Upcoming BMS Events

September 29, 2016 Boston Public Library William Shakespeare Exhibit 

(This is a general description of the exhibit from the Map Center’s website; details about this specific event will be posted soon.)

William Shakespeare’s comedies, tragedies and histories were situated in a number of locations throughout Europe, Asia and Africa. These plays spanned the centuries, from classical times to the Renaissance. In this exhibition of forty maps, images and three-dimensional objects, visitors will learn about Britain in the time of Shakespeare, discover centuries-old maps illustrating where the plays were set, and understand the symbolic role that geography held to the dramas.

Kronborg Castle in Denmark, known as Elsinore in Hamlet, will be highlighted in the exhibition. A 1629 Dutch map depicting the Danish Kingdom, along with a vignette illustrating “Elsenor,” will be on display. Complementing this map will be an original print of “Cronenburg” from Samuel von Pufendorf’s 1696 historical atlas.  Shakespeare’s Here and Everywhere will complement a larger exhibition which will open at the Boston Public Library in October 2016, highlighting the Bard’s first folios.

 

October 19, 2016, 5:30 pm
Boston Public Library, Abbey Room
Peter Whitfield Mapping Shakespeare’s World

November 10, 2016, 5:30 pm
Boston Public Library, Commonwealth Salon
James A. Welu, Director Emeritus of the Worcester Art Museum, will present a lecture about Jan Vermeer’s The Geographer.

No other painter from 17th-century Holland expressed a greater interest in cartography than Jan Vermeer.
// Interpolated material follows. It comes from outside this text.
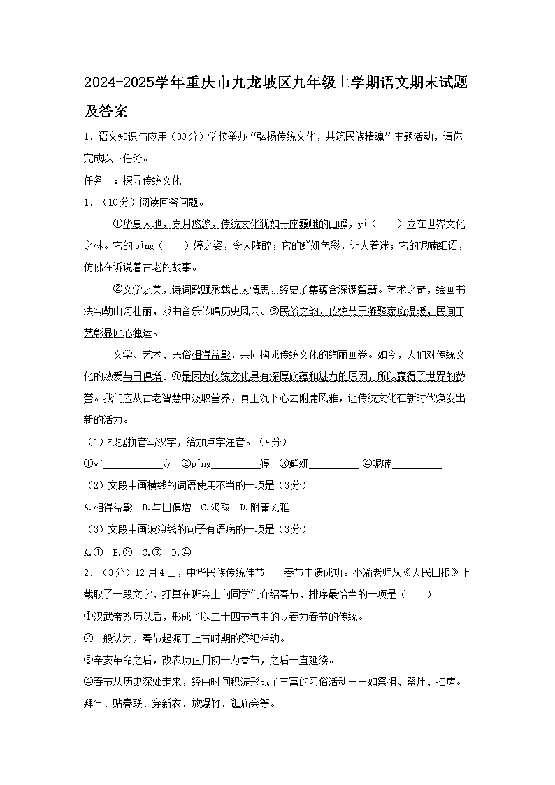 時間:2025-07-15 12:23:00 來源:無憂考網(wǎng) [字體:小 中 大]【文檔名稱】 2024-2025學(xué)年重慶市九龍坡區(qū)九年級上學(xué)期語文期末試題及答案(Word版).doc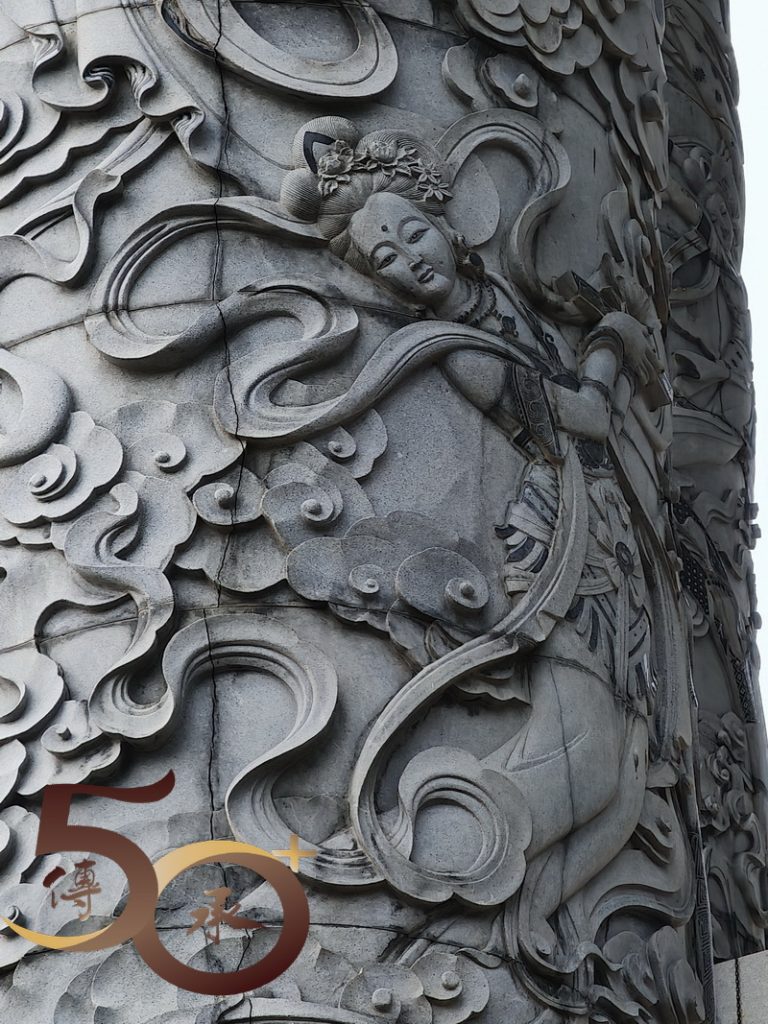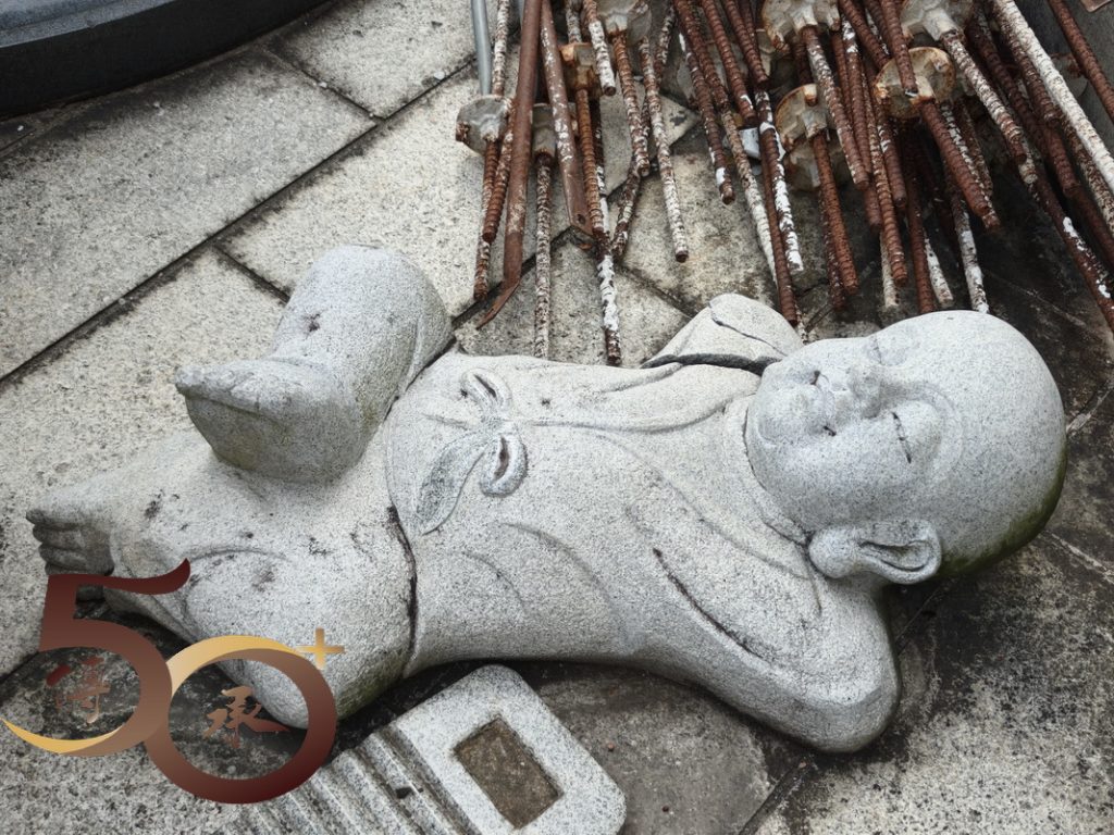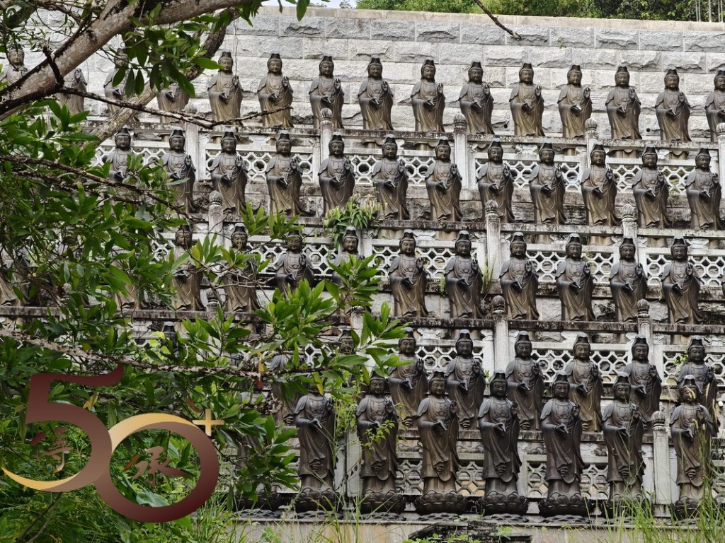 鶴山觀音像下方底座如一座城樓,城門上掛有「古佛垂慈形」橫額,與兩側的神樓全是雕刻手工精湛的圖騰紋飾,而在背後則由多個觀音像組成的觀音牆,加上地上暫放着的睡佛和瑞獸等,「佛味」甚濃。然而若回頭而望,一座只露出頭部的白衣觀音像,頰下卻緊貼着紅底金字,寫着早已結束的新春萬佛光明燈吉祥大法會的橫幅,彷彿是一幅如網紅發言人的「新潮」廣告,難免讓人感到有點怪怪的。

His detailed depictions of maps and globes coincide with the great age of exploration and mapmaking. This lecture by the leading authority on Vermeer’s use of cartographic material demonstrates that all of the maps and globes in Vermeer’s paintings can be identified, though few originals still exist. These cartographic objects and the ways in which Vermeer used them not only add further meaning to his allegorical subjects and scenes of everyday life; they also shed light on Vermeer’s working method, including his possible use of the camera obscura.

Named Director Emeritus of the Worcester Art Museum in 2011, James Welu joined the staff of the Museum in 1974 as assistant curator and went on to serve 6 years as chief curator and 25 years as director. Born in Dubuque, Iowa, Welu began his career as an artist and taught studio art in college before pursuing further studies in art history.  He holds a BA from Loras College, an MA and MFA in studio art from the University of Notre Dame, a PhD in art history from Boston University. A specialist in 17th-century Dutch and Flemish art, Welu has published and lectured widely and organized a variety of exhibitions, including Judith Leyster: A Dutch Master and Her World. Welu served as president of the Association of Art Museum Directors and chair of the Accreditation Commission of the American Alliance of Museums. He has also served on the advisory council for the Princeton University Art Museum and the Snite Museum of Art at the University of Notre Dame and is active in numerous organizations in the Worcester community.